**Data listing:**

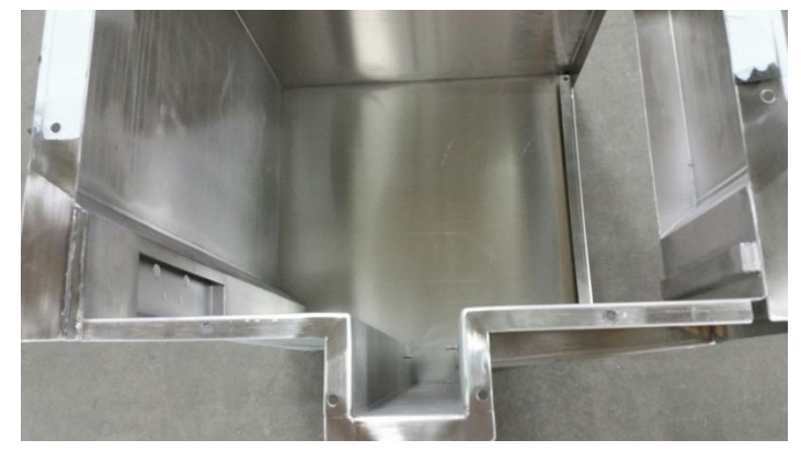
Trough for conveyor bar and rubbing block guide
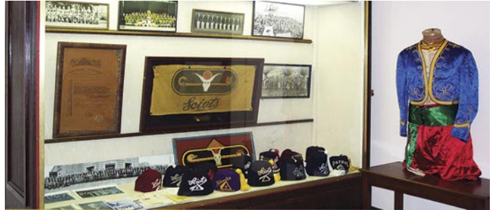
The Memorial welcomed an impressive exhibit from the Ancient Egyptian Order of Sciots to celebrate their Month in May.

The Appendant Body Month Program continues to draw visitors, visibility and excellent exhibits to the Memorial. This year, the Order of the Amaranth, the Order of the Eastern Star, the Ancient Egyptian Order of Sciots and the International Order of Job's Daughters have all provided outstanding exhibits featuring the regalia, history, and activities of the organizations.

--

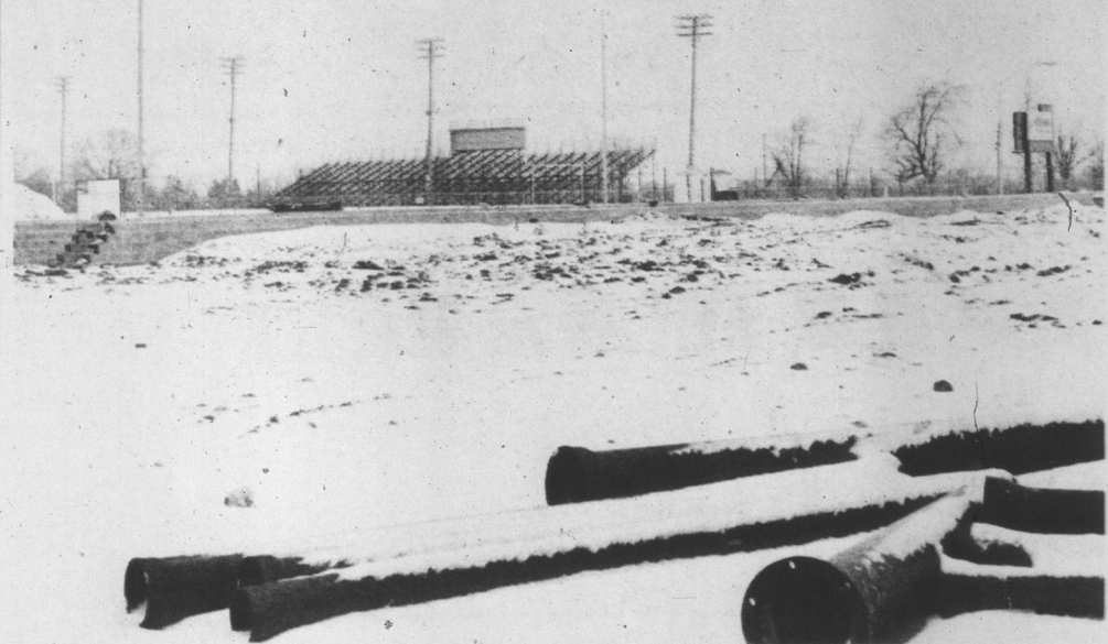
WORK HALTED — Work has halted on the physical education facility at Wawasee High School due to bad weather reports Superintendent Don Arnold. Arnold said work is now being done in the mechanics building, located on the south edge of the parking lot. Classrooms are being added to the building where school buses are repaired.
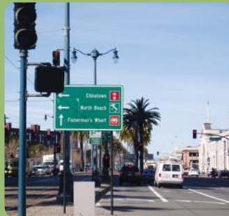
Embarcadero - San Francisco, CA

**Problem to solve:** Give the number of lines in the material above that include the string "Order", with no further text.

**Response area:** 2